A l’occasion du centenaire de Merce Cunningham, le Festival d’Automne à Paris consacre sa programmation à une rétrospective de l’œuvre du chorégraphe américain qui a posé les fondations de la danse contemporaine. Parmi les nombreux spectacles et manifestations proposés en grande région parisienne, le « triple bill » à l’affiche du Théâtre de Chaillot réunissant pour 6 représentations le Ballet de Flandres, le Royal Ballet et le Ballet de l’Opéra de Paris faisait figure d’incontournable. Incontournable pas que pour les piliers du Théâtre de la Ville, mais aussi pour les amateurs de classique désireux d’étendre leur culture chorégraphique.
Mon goût personnel me portera toujours plus vers les collections du Louvres ou du Musée Jacquemart-André, mais je ne suis pas hermétique à m’aventurer du côté du Centre Pompidou ou de la Fondation Louis Vuitton pour peu que l’accrochage et la muséographie me prennent par la main et suscitent ma curiosité au-delà d’une esthétique qui ne m’émeut pas. C’est un peu mon ressenti à l’issue de cette soirée autour de 3 ballets, offrant un parcours dans l’œuvre de Cunningham qui, judicieusement, fait découvrir les œuvres les plus accessibles, Pond Way par le Ballet de Flandres et Cross Currents par trois solistes du Royal Ballet, avant de nous emmener vers des terrains plus radicaux, Walkaround Time par l’Opéra de Paris.
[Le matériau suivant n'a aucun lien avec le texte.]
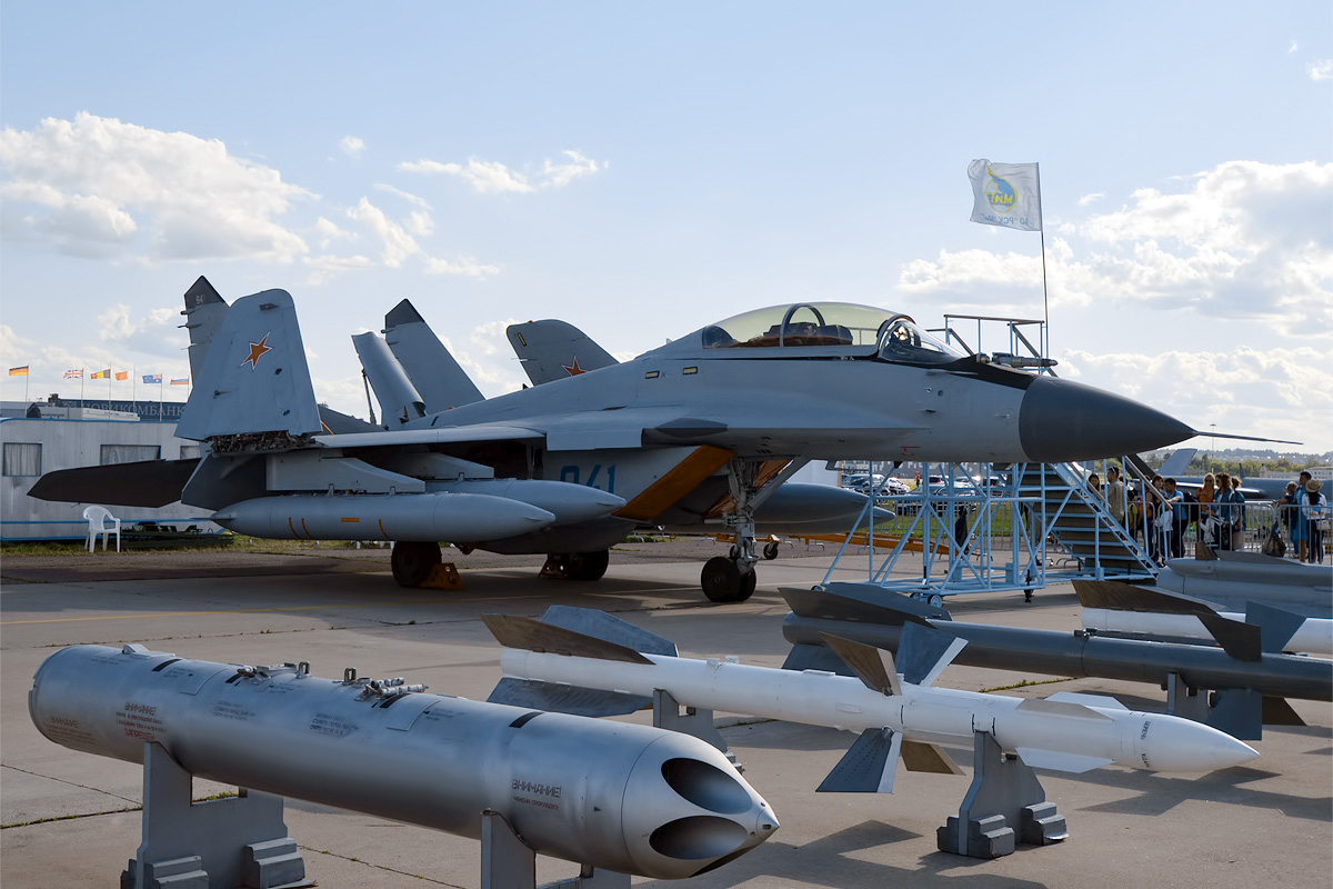 Russian Navy, 941, Mikoyan-Gurevich MiG-29K

On saluera au passage la qualité du petit livret offert par le Festival d’Automne qui permet de mieux appréhender le style Cunningham.
Pond Way, pièce de 1998, a une esthétique qui reste tendance, entre Asie et Orient. Devant un fond de scène signé Roy Lichtenstein, inspiré par des paysages chinois, 13 danseurs et danseuses vêtus de fluides sarouels immaculés évoluent tous ensemble, en plus petits groupes ou en courts solos, de façon dissociée du fond sonore, une musique électronique « planante » de Brian Eno, dont les pistes sont diffusées aléatoirement. Ce ballet atmosphérique, évoquant le ricochet des cailloux sur la surface d’un étang, s’avère un peu long par moments. Néanmoins, cette variation moderne autour de l’acte blanc fascine par la rigueur de sa construction chorégraphique et la technicité exigée des danseurs avec l’alternance de séquences fluides (travail autour de l’arabesque) et plus dynamiques.
Cross Currents (1964) est un exercice de style de 7 minutes qui regarde du côté de la veine black and white de Balanchine (Agon, Duo Concertant) sans la musicalité puisque là encore le mouvement ne répond pas à la musique. Les trois danseurs du Royal Ballet, Romany Pajdak, Julia Roscoe et Joseph Sissens, livrent une prestation ciselée : l’instant champagne de la soirée.
Il fallait bien cela pour encaisser les 50 minutes de Walkaround Time. Chapeau aux danseurs de l’Opéra de Paris qui avaient la tâche de défendre cette pièce de 1968 aux codes esthétiques complètement démodés. J’avais déjà vu la pièce à son entrée au répertoire parisien en 2017, associée à deux ballets de William Forsythe, et je ne m’en souvenais pas vraiment, jusqu’à ce que je vois sur la scène l’installation composée d’artefacts emballés des housses transparents parallélépipédiques, inspirée par la Mariée Mise à Nue par ses Célibataires, Même de Marcel Duchamp. C’est parti pour un long pensum, me suis-je dit. Malgré tout, cette deuxième vision s’est avérée plus satisfaisante, avec le sas d’adaptation constitué par les deux ballets précédents. Les académiques aux couleurs sixties sont toujours aussi moches et le fond sonore minimaliste (bruits de pas sur graviers, bruits de circulation, silence sur des extraits de textes de Marcel Duchamp) est plus qu’aride. On a parfois l’impression que les danseurs interprètent de façon purement mécanique la chorégraphie de Cunningham, mais la présence lumineuse d’Emilie Cozette prouve que ce dispositif abstrait peut aussi dégager de la sensibilité et de l’émotion.
L’exploration de l’œuvre de Merce Cunningham se poursuit jusqu’en décembre, avec notamment le Ballet de l’Opéra de Lyon au Théâtre du Châtelet du 14 au 20 novembre et un Event, happening chorégraphique géant caractéristique du chorégraphe, par le Conservatoire National Supérieur de Musique et de Danse de Paris à la Grande Halle de la Villette.